In the data below, locate the line containing "239- وقال أبو" and the line containing "- High-voltage sensing", then retype both and everything between them exactly. Pictures are not part of the copy.

## Task inputs:
"""

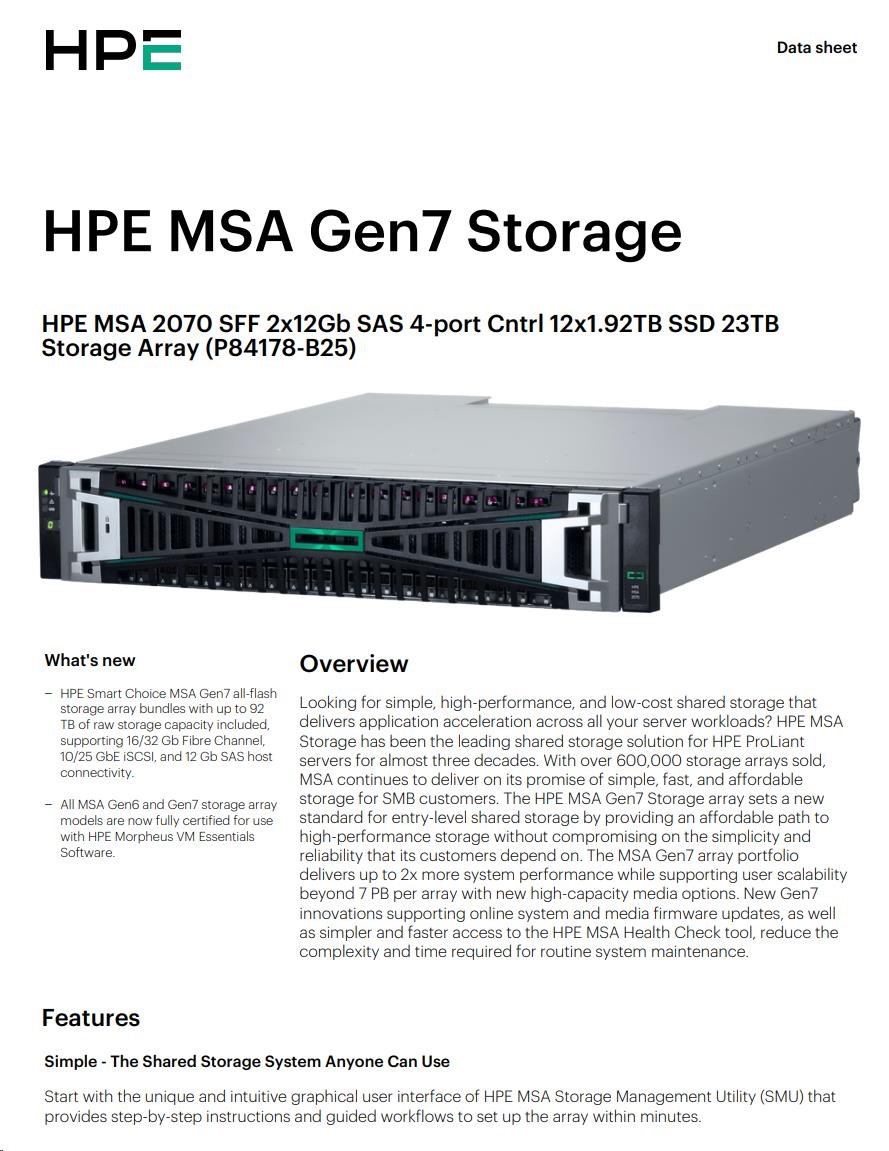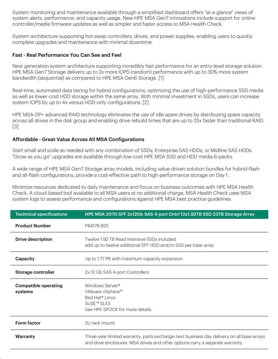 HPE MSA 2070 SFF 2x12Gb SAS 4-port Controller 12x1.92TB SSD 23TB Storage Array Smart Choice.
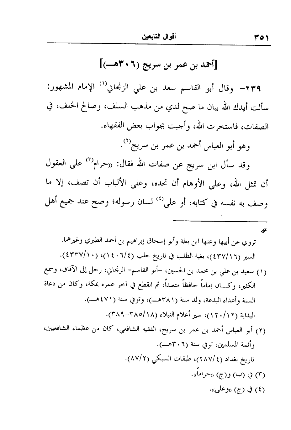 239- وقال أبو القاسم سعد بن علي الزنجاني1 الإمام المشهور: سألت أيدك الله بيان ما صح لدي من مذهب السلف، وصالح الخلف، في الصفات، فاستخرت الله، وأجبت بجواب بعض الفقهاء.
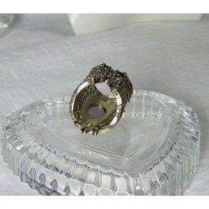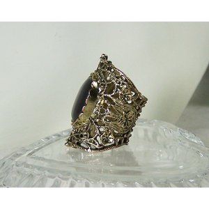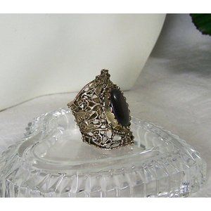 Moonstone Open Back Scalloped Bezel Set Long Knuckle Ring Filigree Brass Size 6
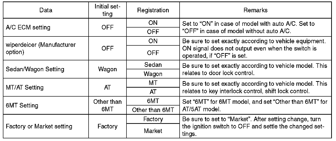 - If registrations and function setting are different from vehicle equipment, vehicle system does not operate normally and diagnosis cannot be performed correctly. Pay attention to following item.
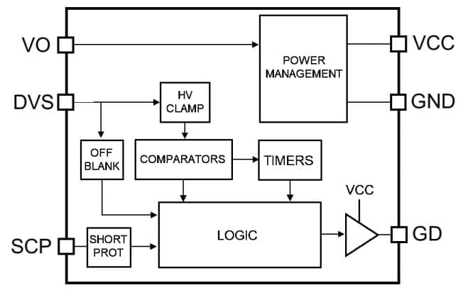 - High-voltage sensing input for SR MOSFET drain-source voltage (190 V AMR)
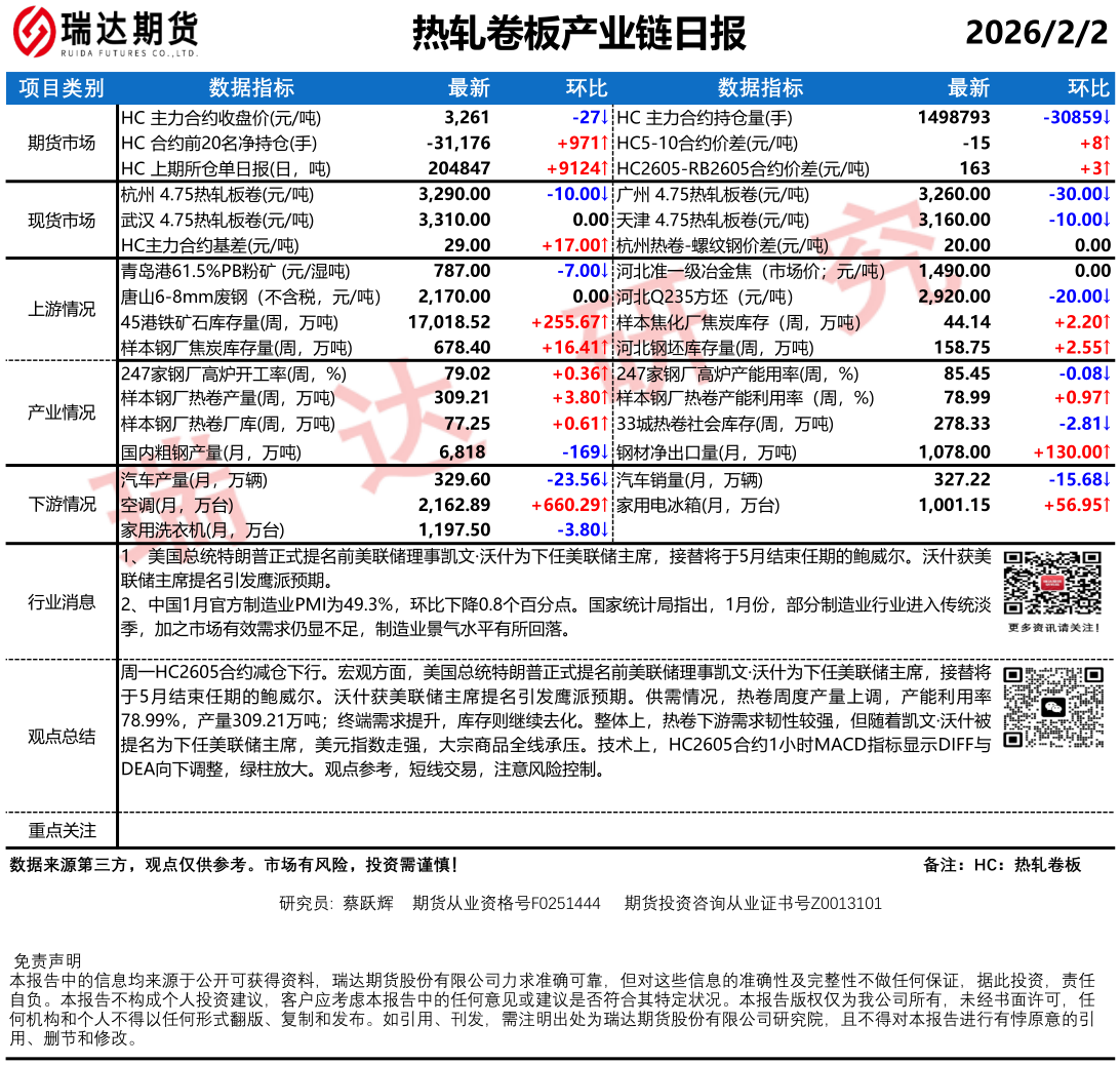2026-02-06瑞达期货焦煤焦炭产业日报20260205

"""

## Result:
 239- وقال أبو القاسم سعد بن علي الزنجاني1 الإمام المشهور: سألت أيدك الله بيان ما صح لدي من مذهب السلف، وصالح الخلف، في الصفات، فاستخرت الله، وأجبت بجواب بعض الفقهاء.
 Moonstone Open Back Scalloped Bezel Set Long Knuckle Ring Filigree Brass Size 6
 - If registrations and function setting are different from vehicle equipment, vehicle system does not operate normally and diagnosis cannot be performed correctly. Pay attention to following item.
 - High-voltage sensing input for SR MOSFET drain-source voltage (190 V AMR)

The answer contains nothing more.